▶ **Exercise requirements**
Copy nothing but the text: repeat each entry exactly and drop the images.

─── Data for the task

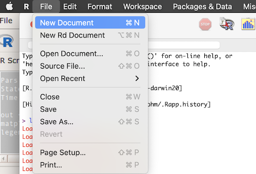 Figure 2. Screenshot of the macOS R.app console, selecting the New Document option.
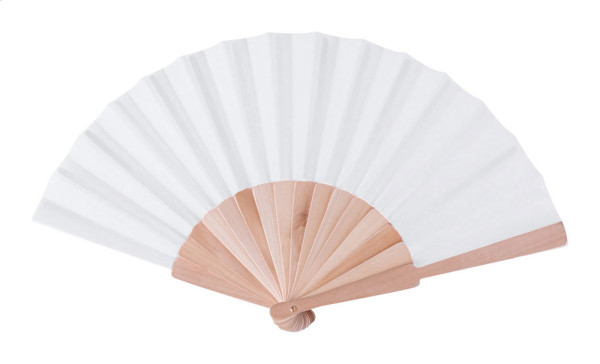 Handfächer aus Polycotton mit Holzrippen.
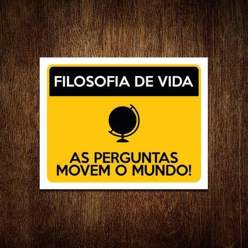 Kit 3 Placas Filosofia De Vida As Perguntas Movem Mundo - Informações do Produto: Kit com 3 placas decorativas iguais fabricadas com poliestireno de alto impacto PSAI de 2mm e adesivo vinil automotivo de alta performance. - Medidas: 18cm x 23cm - Fixação: Todas as placas possuem adesivo dupla face para aplicação em qualquer tipo de superfície lisa. de 12 meses e disponibilidade imediata. Marca: Não Informado
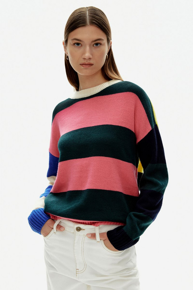 джемпер толстый, тёплый и немного колется. Шерсть есть, а для меня это главное. Мне показалось он большемерит. Покупкой довольна 😌
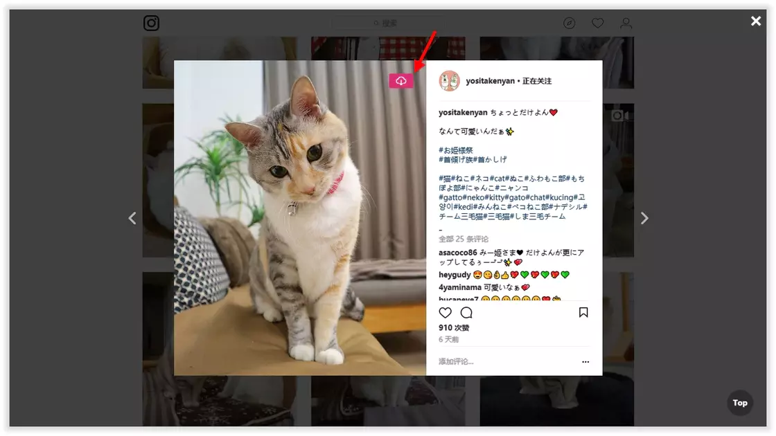 方便用户下载 Instagram 的图片和视频,将鼠标移动到图片或者视频上,即可看到下载按钮,官方也有提供 Chrome、Firefox 扩展版本。
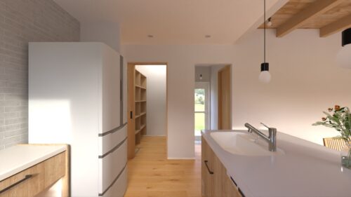 キッチンの真横に、使いやすい大容量パントリー。
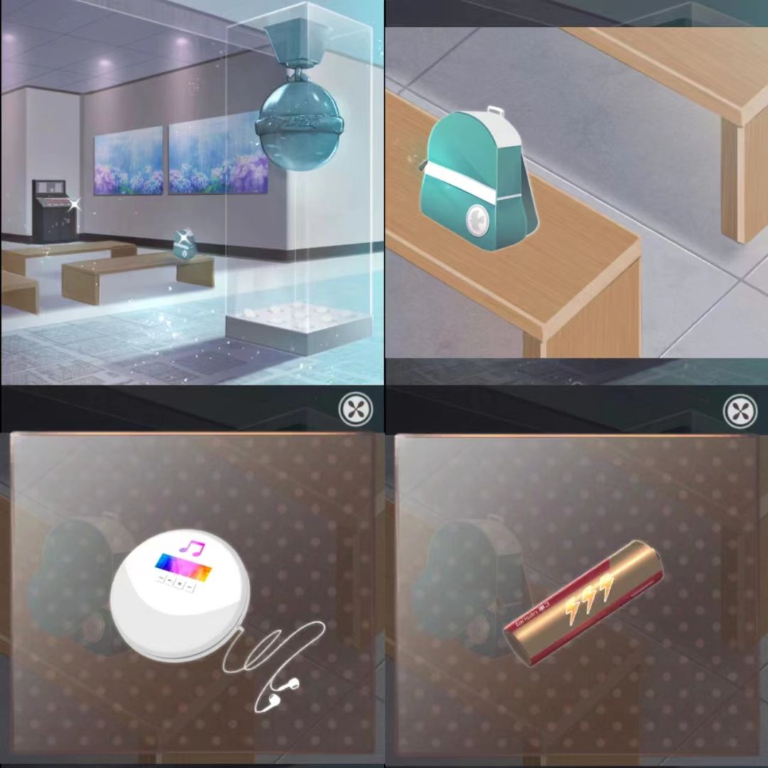 ←↑↑分别拿起礼品店小门后的银铃广场椅子上书包里的CD机 取下电池
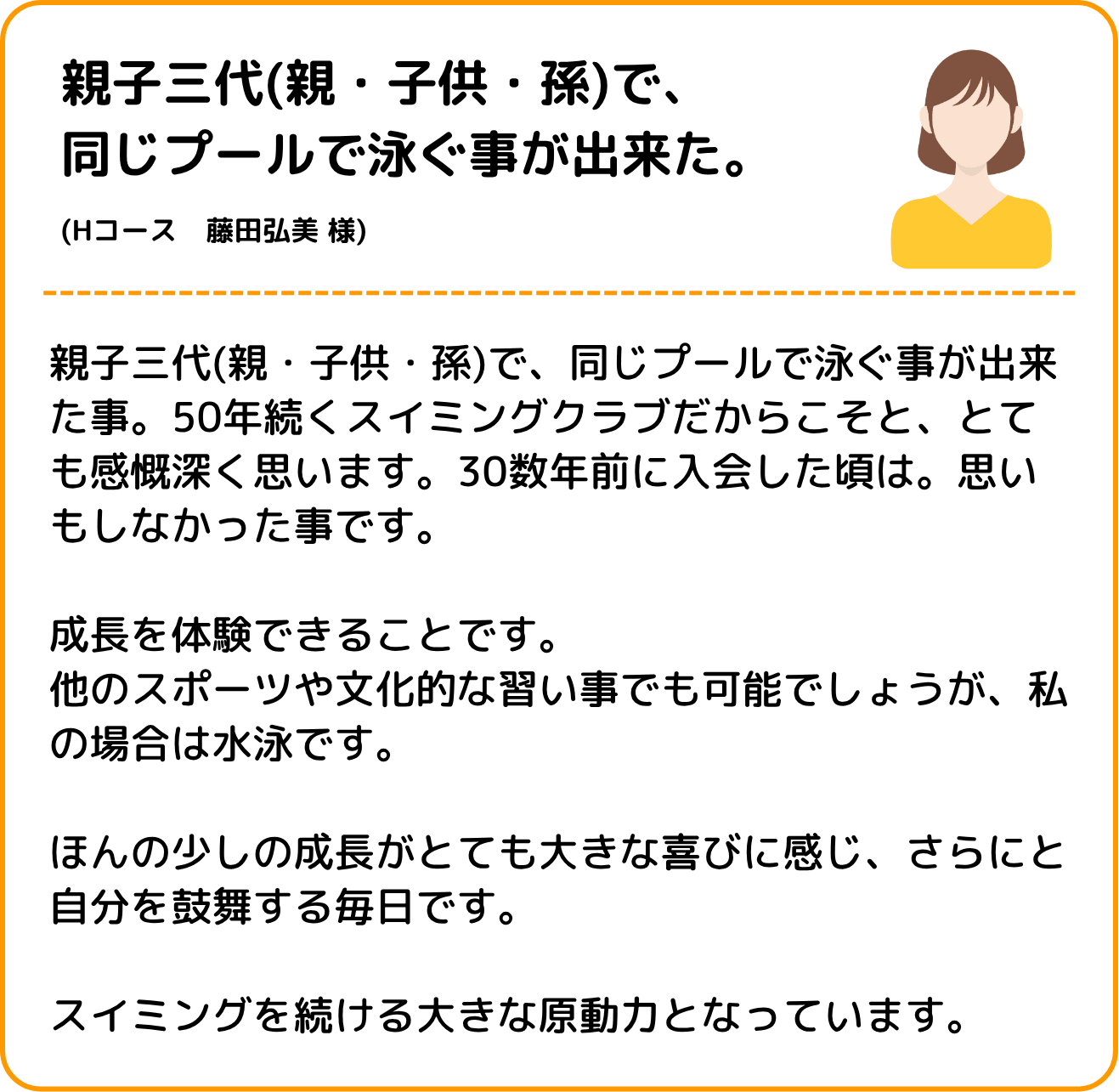 20代から80代まで、幅広い年代の方が水泳という共通の趣味を通して、お互いに刺激を受け合いながら練習や大会に参加しています。

──────

▶ **Output of the exercise**
 Figure 2. Screenshot of the macOS R.app console, selecting the New Document option.
 Handfächer aus Polycotton mit Holzrippen.
 Kit 3 Placas Filosofia De Vida As Perguntas Movem Mundo - Informações do Produto: Kit com 3 placas decorativas iguais fabricadas com poliestireno de alto impacto PSAI de 2mm e adesivo vinil automotivo de alta performance. - Medidas: 18cm x 23cm - Fixação: Todas as placas possuem adesivo dupla face para aplicação em qualquer tipo de superfície lisa. de 12 meses e disponibilidade imediata. Marca: Não Informado
 джемпер толстый, тёплый и немного колется. Шерсть есть, а для меня это главное. Мне показалось он большемерит. Покупкой довольна 😌
 方便用户下载 Instagram 的图片和视频,将鼠标移动到图片或者视频上,即可看到下载按钮,官方也有提供 Chrome、Firefox 扩展版本。
 キッチンの真横に、使いやすい大容量パントリー。
 ←↑↑分别拿起礼品店小门后的银铃广场椅子上书包里的CD机 取下电池
 20代から80代まで、幅広い年代の方が水泳という共通の趣味を通して、お互いに刺激を受け合いながら練習や大会に参加しています。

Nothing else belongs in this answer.